# EPS in MTBK



## The_Kraken (Jul 28, 2009)

They're heeeeeaaaaaaaaaarrrrr.


----------



## MERAKMAN (Mar 6, 2008)

Where are thhhhheeeeeeeeeeeeyyyyy? 

In UK or USA?


----------



## nicensleazy (Aug 3, 2008)

Well done...welcome to the EPS club!


----------



## The_Kraken (Jul 28, 2009)

*Cali*

They are right here in San Diego, California.


----------



## T-shirt (Aug 15, 2004)

:thumbsup: Awesome, how many did you get?

....and obviously we need more pictures.


----------



## corky (Feb 5, 2005)

That frame would have been sooooo cooler if the downtube graphics were solid.


----------



## kjmunc (Sep 19, 2005)

or a nice glossy black logo would've been cool too. If you're going for the "stealth" look, go all out.


----------



## T-shirt (Aug 15, 2004)

kjmunc said:


> or a nice glossy black logo would've been cool too. If you're going for the "stealth" look, go all out.


 "Excellent edition to the plan." --Eric Foreman, That 70's Show

That is a seriously cool idea.


----------



## kjmunc (Sep 19, 2005)

I know it's "been done before" with the Prince BoB, but they could still do it differently and make it work. The white open script looks like an afterthought. 

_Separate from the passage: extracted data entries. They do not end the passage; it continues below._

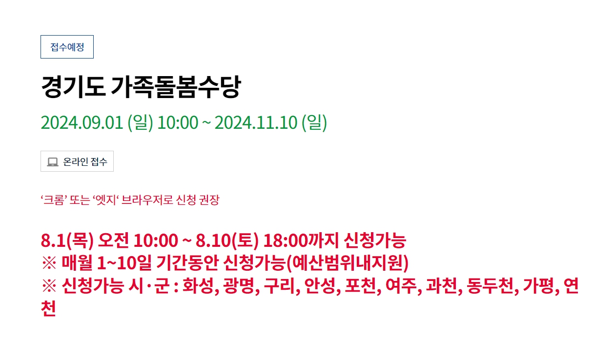 신청대상자 : 경기도 거주 만 24~만 48개월 미만의 영아가 있는 맞벌이 부모 또는 양육공백이 발생한 가정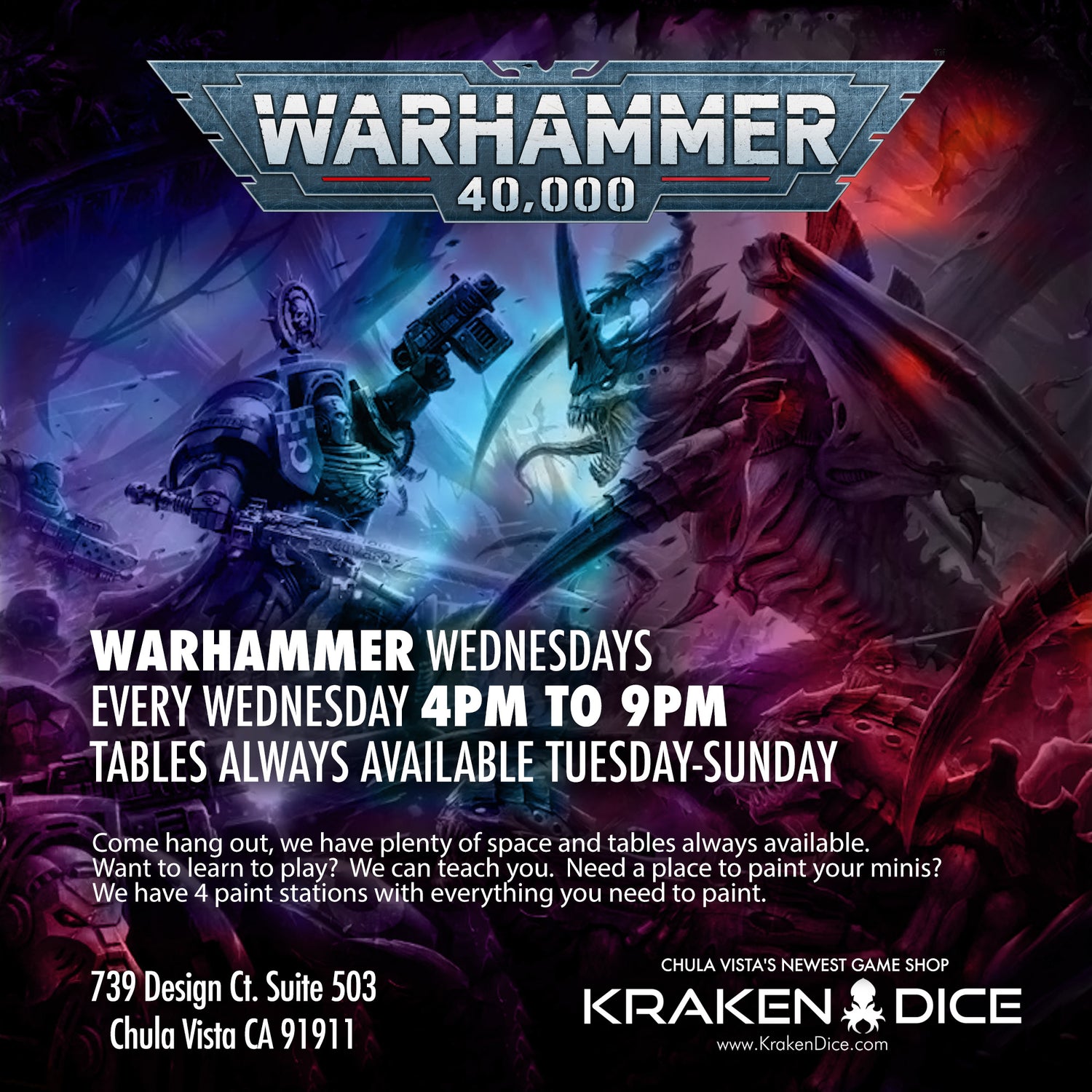 Come hang out at Kraken Dice Headquarters, we have plenty of space and tables always available. Want to learn to play Warhammer? We can teach you.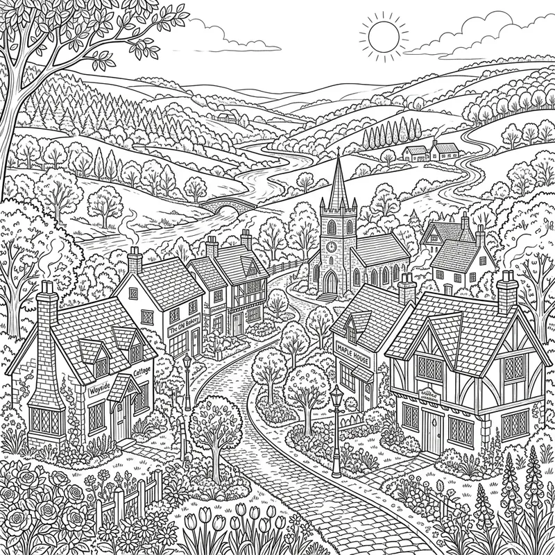 An image showcasing a picturesque village nestled in a tranquil valley. The houses with their different shapes and sizes are quaint, featuring chimney stacks and shingled roofs. The streets are lined with well-groomed trees and flower beds teeming with a variety of blooms. The village is surrounded by lush hills, speckled with distant groves and rivers. Overhead, the sky is clear with the sun casting a gentle light over the entire landscape. It is designed in a way that lets you add your own colors to bring the scene to life.

Don't even get me started on that sideshow "b-stay" logo.....what the heck is that?!


----------



## rocco (Apr 30, 2005)

Looks like my size too.


----------



## iyeoh (Jan 6, 2005)

No Italian flags all over! Doesn't say "Made In Italy." How would Ibe assured that its Italian? Now I begin to worry.. just kididng 

After 22+ years of "Art Decor" its hard to get used to a conservative-looking Colnago. No more "little man riding" lol

And get rid of that "B Stay "graphic... uuurgh


----------



## T-shirt (Aug 15, 2004)

iyeoh said:


> No Italian flags all over! Doesn't say "Made In Italy." How would Ibe assured that its Italian? Now I begin to worry.. just kididng
> 
> After 22+ years of "Art Decor" its hard to get used to a conservative-looking Colnago. No more "little man riding" lol
> 
> And get rid of that "B Stay "graphic... uuurgh


Don't worry, it comes with a cannoli.


----------



## nicensleazy (Aug 3, 2008)

Can these graphics be removed ???


----------



## iyeoh (Jan 6, 2005)

They probably put clearcoat over the stickers... making them impossible to remove without the frame looking like arse.


----------